GitLocker: The Coding Marketplace

Description:

openGraphMatching 0.2.3

openGraphMatching
A Python Graph/Subgraph Matching programming library. Based on openGraphMatching and the framework provided, you can develop and test different subgraph matching algorithms efficiently. What's more, since the codebase is Python-based, algorithms with neural networks can be integrated easily with traditional subgraph matching algorithms.
Usage
Prerequisite pytorch>=1.6, networkx, pytorch-geometric, deepsnap.
A detailed environment configration can be found in env.yml.
The BaseMatcher is the minium implementation of subgraph matching algorithm.
Here is the demo code for running GraphQL algorithm:
import openGraphMatching.matcher as matcher

# Prepare query graph q and target graph G in advance. q and G are networkx instance.

m = matcher.GQLMatcher(G) # Initialize the object with targer graph G
m.is_subgraph_match(q) # Run the check match process

Quickstart

Clone this repository: git clone https://github.com/chang2000/openGraphMatching

Install all prerequisite

networkx
pytorch-geometric
deepsnap

If you are using conda-like package manager, we provide the conda environment file env.yml for this package. You may refer to this link to install a conda environment by a environment file. In short, use this command conda env create -f env.yml. Then a conda envrionment named ogm is created.

pip install openGraphMatching to install this package.

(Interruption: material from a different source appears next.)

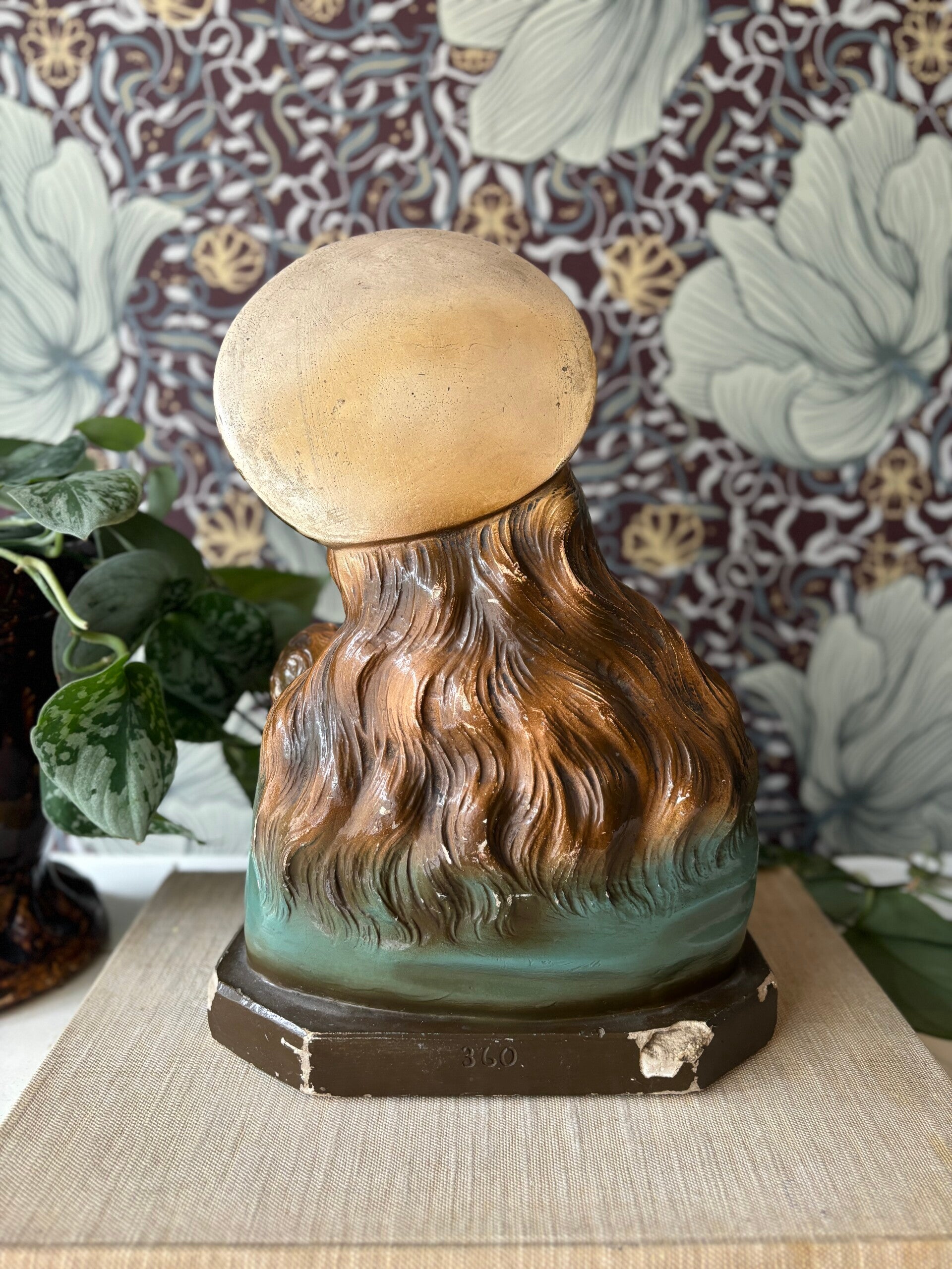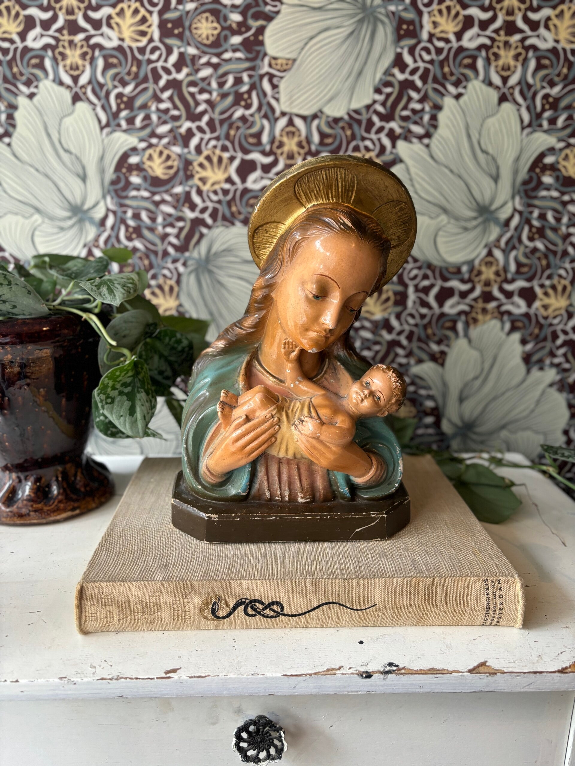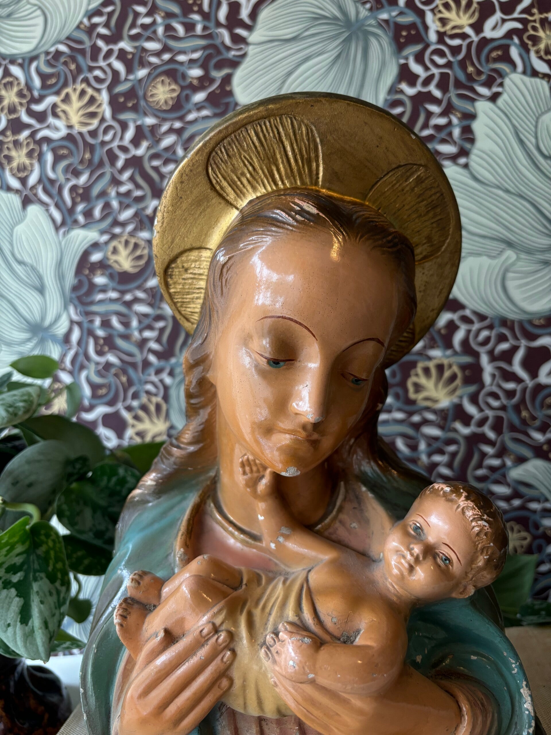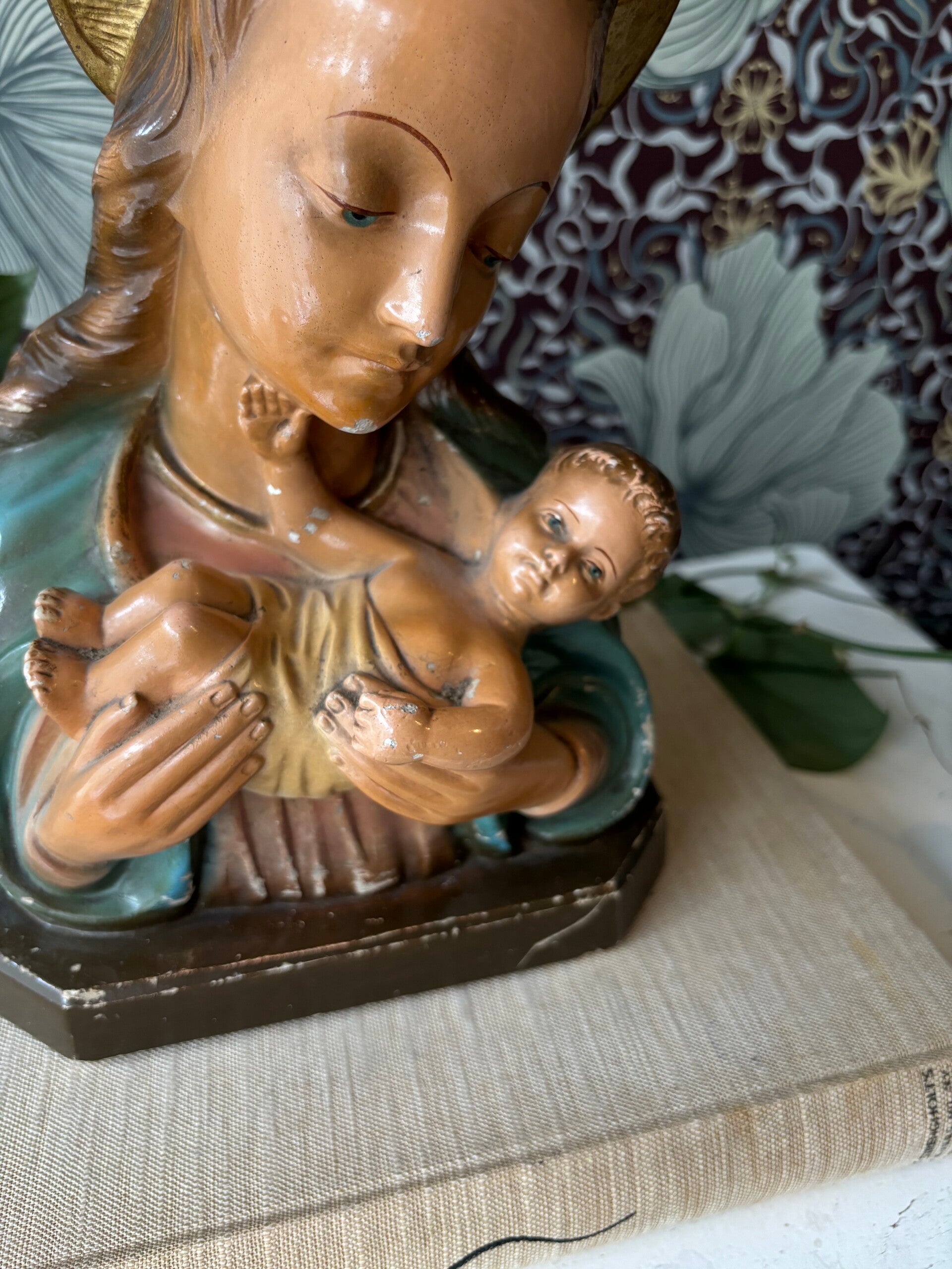 Prachtige vintage buste van Maria met kind. Maria heeft een goudkleurig areool en kijkt lief naar haar kindje.

Enter the examples folder, then run python exact_subgraph_match_validate.pyto run the validation demo of this package.

Internals
Each matcher follows the filtering->ordering->enumerating design pattern. In the directory matcher there are three files: filters.py, orders.py,enumeraters.py, where each file contains the general algorithms.
For example, in the graphQL matcher, the code pipeline is like:
from openGraphMatching import BaseMatcher
from openGraphMatching import filters as f
from openGraphMatching import orders as o
from openGraphMatching import enumeraters as e

class GQLMatcher(BaseMatcher):
def __init__(self, G):
super().__init__(G)

def filtering(self, q):
prefilter = f.Filter(self.G)
return prefilter.gql_filtering(q)

def ordering(self, q, candidates):
orderer = o.Order(self.G)
return orderer.gql_order(q, candidates)

def enumerate(self, q, imd, order, i):
enu = e.Enumerater(self.G)
enu.normal_enum(q, imd, order, i)
return enu.res_getter()

def is_subgraph_match(self, q):
# Some verbose and statistics are skipped here
candidates = self.filtering(q)
order = self.ordering(q, candidates)
match_list = self.enumerate(q, candidates, order, 1)
return match_list

Misc

Validate the correctness of algorithm.

We use HPRD (9460 nodes, 34998 edges) to validate the correctness considering the time consuming and program performance.
We provides 200 quries(dense, 16 nodes).
A correctness checker is implemented in utils.py.
Expected result of all the matching are provided in expected.res. Refer to the dataset validate for more information.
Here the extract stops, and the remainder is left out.